To induce osteogenic differentiation, mesenchymal cells were grown to confluence on Cell Bind coated plates in NutriStem XF medium and switched to Dulbecco’s modified Eagle’s medium (DMEM) (Thermo Fisher), 10% fetal bovine serum (Atlanta Biologicals, Laurenceville, GA), 100 nM dexamethasone, 50 ng/ml ascorbic acid, 10 mM β-glycerophosphate (all from Sigma-Aldrich) [30]. Medium was replaced twice a week and cells were cultured for up to 4 weeks. To determine the presence of mineralized nodules, cultured cells were fixed and stained with alizarin red at various times during the culture period.
NOTCH3 antisense oligonucleotides (ASO)
ASOs targeting the NOTCH3 or the NOTCH36692-93insC mutant pre-mRNA and a non-targeting control ASO that does not hybridize to any specific mRNA in the human or mouse transcriptome sequence were designed and synthesized by Ionis Pharmaceuticals (Carlsbad, CA). The ASO targeting human NOTCH3 has a central segment of eight DNA nucleotides flanked on each side by five nucleotides with 2′-O-(2-methoxyethyl) (MOE) ribose sugar modifications, and contains phosphodiester or phosphorothioate backbone linkages [31]. The ASOs targeting NOTCH36692-93insC have a central segment of ten DNA nucleotides flanked on each side by three nucleotides with 2′4′-constrained 2′-O-ethyl (cEt) modifications and contain phosphorothioate backbone linkages. NOTCH3 mutant or control ASOs at various doses and periods of time were added directly to mesenchymal cells before and after they were exposed to culture medium under osteogenic conditions for 2 weeks as indicated in text and legends.
Quantitative reverse transcription-polymerase chain reaction (qRT-PCR)
Cellular RNA was extracted with the RNeasy kit (Qiagen, Valencia, CA), following manufacturer’s protocols [32–35]. The iScript RT-PCR kit (BioRad, Hercules, CA) was used to reverse transcribe equal amounts of RNA which was then amplified in the presence of specific primers (IDT) (Table 1) with the SsoAdvanced Universal SYBR Green Supermix or the iQ SYBR Green Supermix (BioRad) at 60°C for 35 cycles. Transcript copy number was estimated by comparison with serial dilutions of cDNA of the genes examined obtained from Thermo Fisher Scientific or Dharmacon (Lafayette, CO). In experiments designed with the intent to determine an effect on NOTCH36692-93insC transcripts by an ASO, fluorescent tagged products were used to conduct RT-PCR. Moloney murine leukemia virus reverse transcriptase was used to reverse transcribe total RNA and NOTCH3 cDNA was amplified by qPCR in the presence of SsoAdvanced Universal Probes Supermix (BioRad), NOTCH3 and NOTCH3 mutant primers and HEX labeled NOTCH3 and FAM labeled NOTCH36692-93insC probes (BioRad) for 10 secs at 95°C followed by 30 secs at 60°C and repeated for 45 cycles [36]. Copy number of NOTCH3 or NOTCH36692-93insC was estimated by comparison to a serial dilution of a 100 to 200 base pair (bp) synthetic DNA fragment (IDT) harboring (or not) the 6692-93insC in the NOTCH3 locus cloned into pcDNA3.1(-) (Thermo Fisher) by isothermal single reaction assembly using reagents available commercially (New England BioLabs, Ipswich, MA) [37]. Transcripts are expressed as copy number corrected for HPRT expression.

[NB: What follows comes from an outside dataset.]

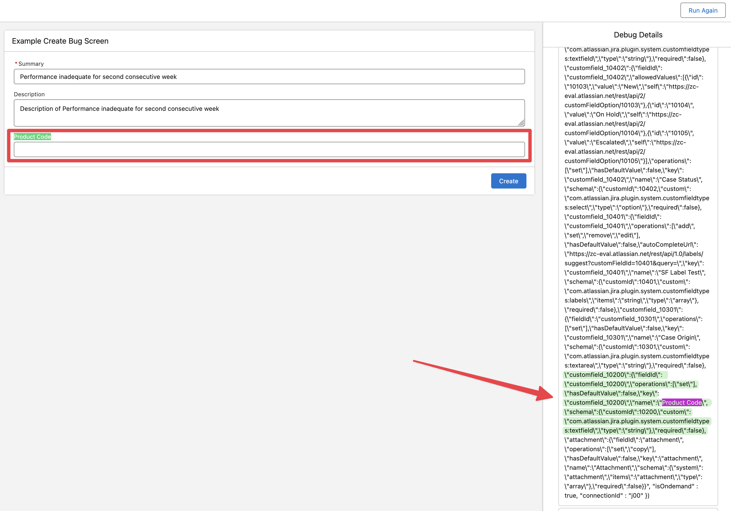 Assuming there is a custom text field defined in Jira (Product Code in our example) and associated with the Bug Issue type (see the “Settings Custom Fields Data“ section in zAgileConnect Flow Action - Create Issue v2 | Setting-Custom-Fields-Data for more information on how to know the custom field Id for any Jira field).

GenBank accession numbers identify transcript recognized by primer pairs.
Statistics
Data are expressed as means ± SD and as individual sample values of technical replicates. Statistical significant differences were determined by either unpaired t test for pairwise comparisons or by two-way analysis of variance for multiple comparisons with Holm Šidák post-hoc analysis employing the GraphPad Prism version 10.2.0 for Windows 10 (GraphPad Software, San Diego, CA).
Results
Creation of NOTCH36692-93insC mutant cells
CRISPR/Cas9 technology was used to introduce a single base pair insertion at c.6692_93insC in NOTCH3 in both NCRM1 and NCRM5 cells. The insertion predicts a premature termination upstream of the PEST domain of NOTCH3 duplicating the pathogenic variant found in a subject afflicted by LMS and functionally replicated in the Notch3em1Ecan mouse mutant [38, 39]. NCRM1 and NCRM5 cells homozygous and heterozygous for the c.6692_93insC were obtained and verified by DNA sequencing and stocks created to be used for testing (Fig 1). Isogenic controls and heterozygous and homozygous NOTCH36692-93insC cells retained genomic stability and were absent of chromosomal aberrations as determined by the human CytoSNP-850 array.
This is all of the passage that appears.